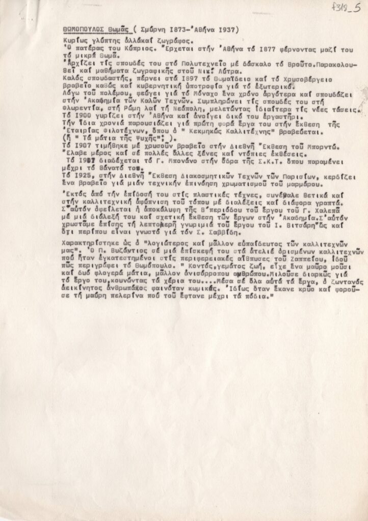 Spiteri-Veropoulou Ioanna (1920 - 2000) ; Apartis Thanasis (1899 - 1972) ; Efthymiadi-Menegaki Frosso ; Thomopoulos Thomas (1873 - 1937) ; Γεώργιος Γεωργιάδης ; Emmanouelides, Manolis (1924) ; Pappas Giannis (1913 - 2005) ; Prekas Paris (1926 - 1999) ; Αμαλία Βαμβάκου (1925 - 2014) ; Δήμητρα Τσερκέζου (1920 - 2007)
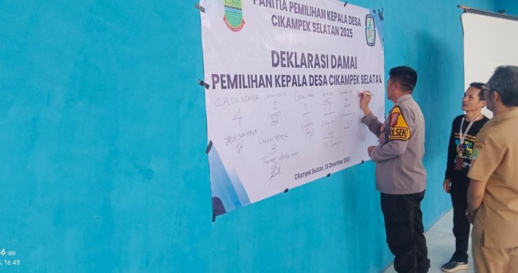 Dalam rangka meningkatkan pelayanan dan kondusifitas di wilkum Połsek Cikampek Kapolsek Cikampek AKP Aji Setiaji bersama Anggota Monitoring dan ikuti langsung kegiatan Rapat pleno daftar pemilihan tetap (DPT) dan Deklarasi Damai pemilihan kepala Desa. Cikampek Selatan Kec.Cikampek Kab.Karawang periode 2026-2034.
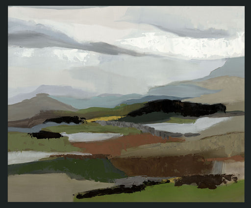 Buddy Whitlock’s painting captures the serenity of rolling landscapes with soft, layered greens and earthy tones under a moody sky. Encased in a th...
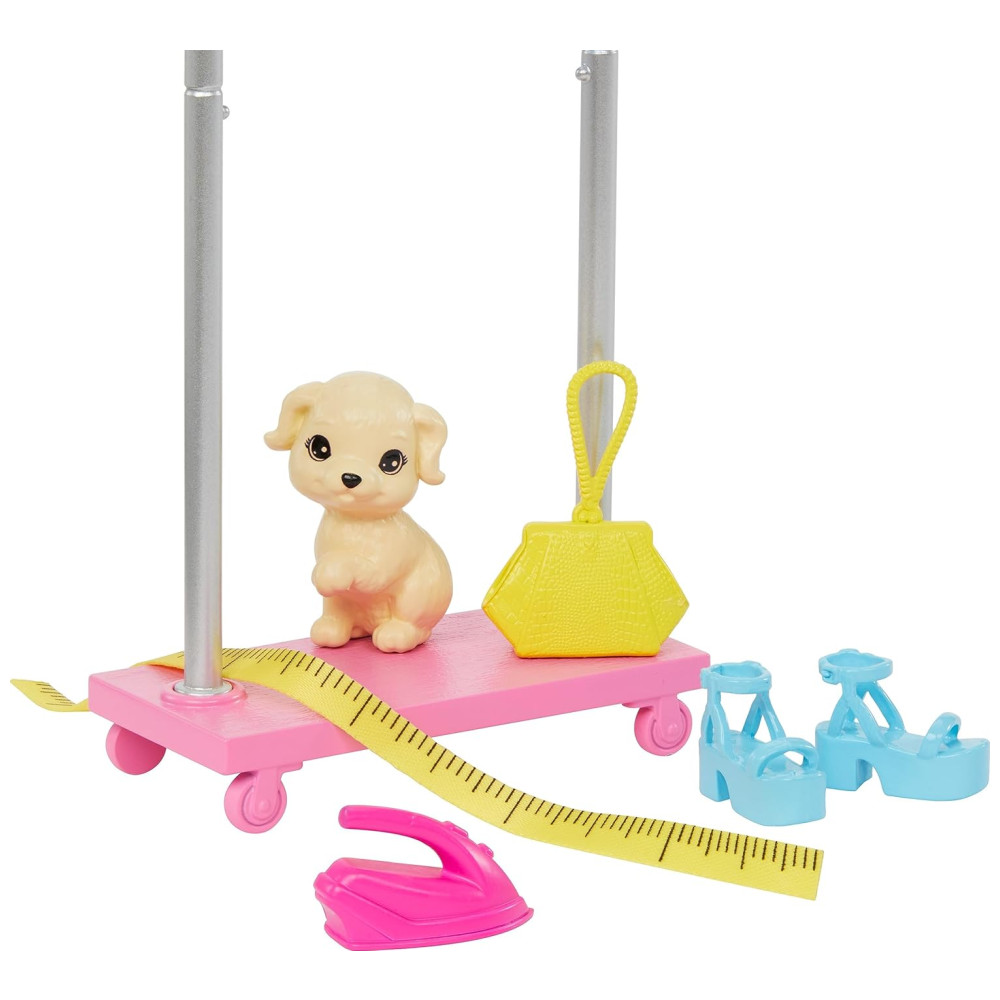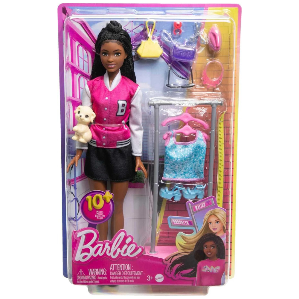 A boneca Barbie Brooklyn está cuidando do guarda roupa com 14 peças temáticas que incluem um cachorrinho, cabideiro e itens para contar histórias como top, sapatos, 2 bolsas e fita métrica
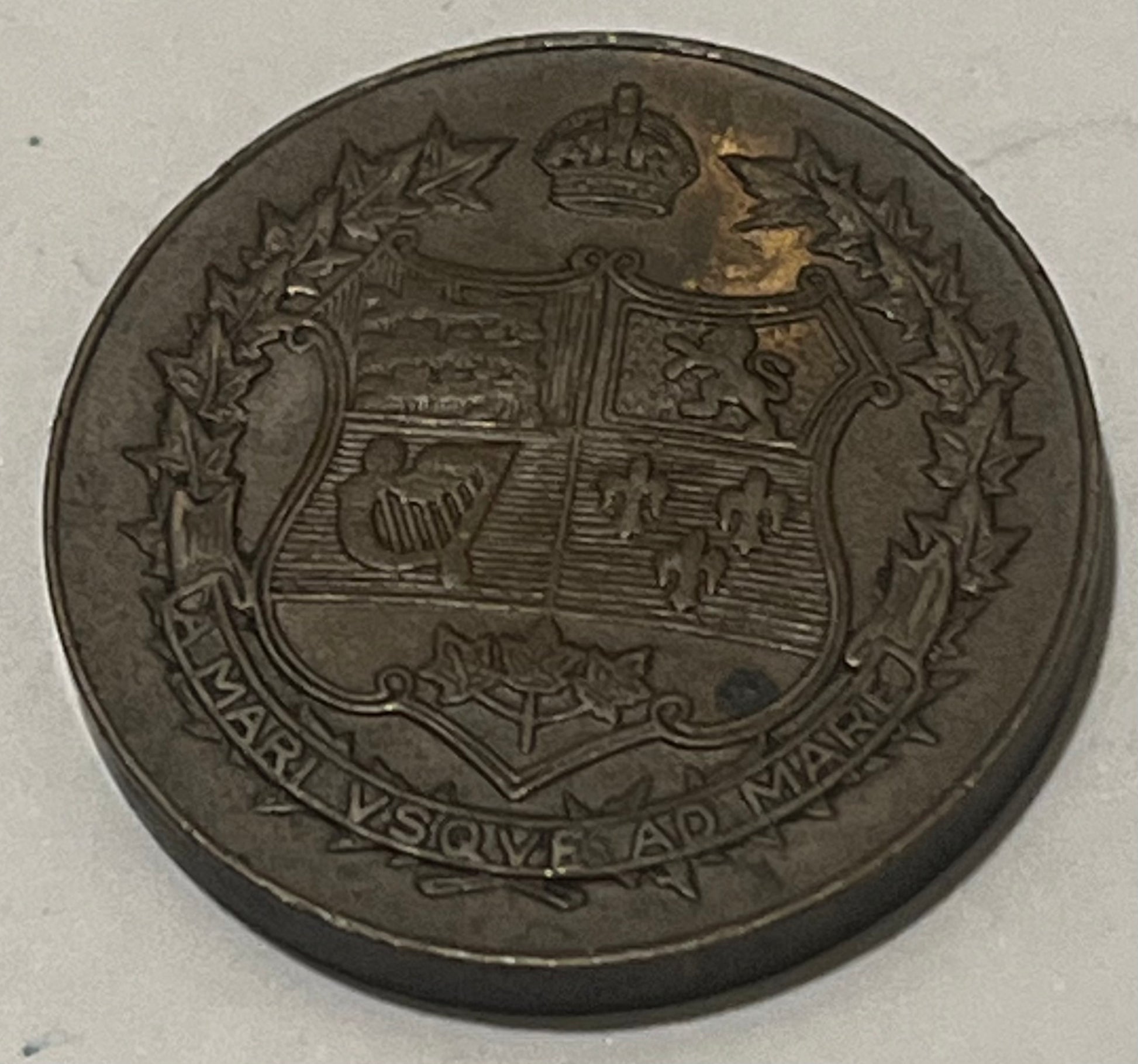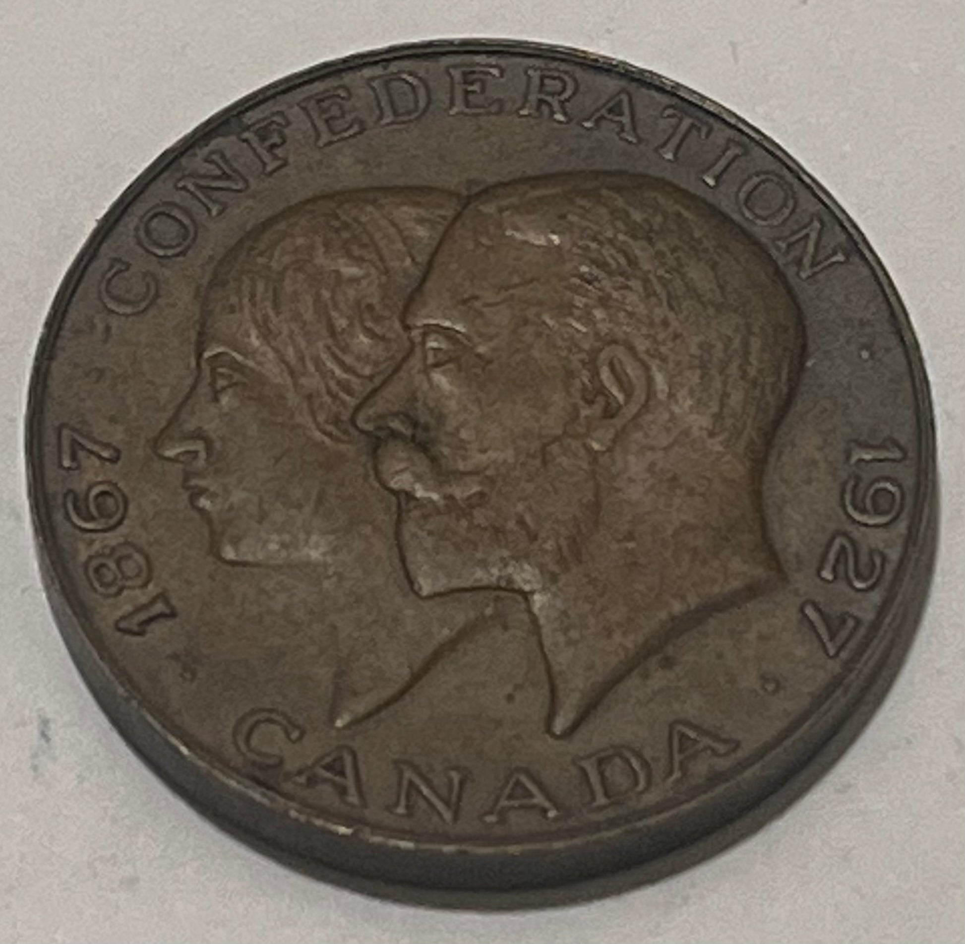 CANADA, 60th Anniversary of Confederation ~ 1927 ~ AE27 ~ Conjoined busts of George V and Mary left ~ Arms ~ TC-234773 ~ EF+

-=-=-=-=-

Prompt - Every line of the material must be returned exactly; leave the images out.

Finished task -
 Spiteri-Veropoulou Ioanna (1920 - 2000) ; Apartis Thanasis (1899 - 1972) ; Efthymiadi-Menegaki Frosso ; Thomopoulos Thomas (1873 - 1937) ; Γεώργιος Γεωργιάδης ; Emmanouelides, Manolis (1924) ; Pappas Giannis (1913 - 2005) ; Prekas Paris (1926 - 1999) ; Αμαλία Βαμβάκου (1925 - 2014) ; Δήμητρα Τσερκέζου (1920 - 2007)
 Dalam rangka meningkatkan pelayanan dan kondusifitas di wilkum Połsek Cikampek Kapolsek Cikampek AKP Aji Setiaji bersama Anggota Monitoring dan ikuti langsung kegiatan Rapat pleno daftar pemilihan tetap (DPT) dan Deklarasi Damai pemilihan kepala Desa. Cikampek Selatan Kec.Cikampek Kab.Karawang periode 2026-2034.
 Buddy Whitlock’s painting captures the serenity of rolling landscapes with soft, layered greens and earthy tones under a moody sky. Encased in a th...
 A boneca Barbie Brooklyn está cuidando do guarda roupa com 14 peças temáticas que incluem um cachorrinho, cabideiro e itens para contar histórias como top, sapatos, 2 bolsas e fita métrica
 CANADA, 60th Anniversary of Confederation ~ 1927 ~ AE27 ~ Conjoined busts of George V and Mary left ~ Arms ~ TC-234773 ~ EF+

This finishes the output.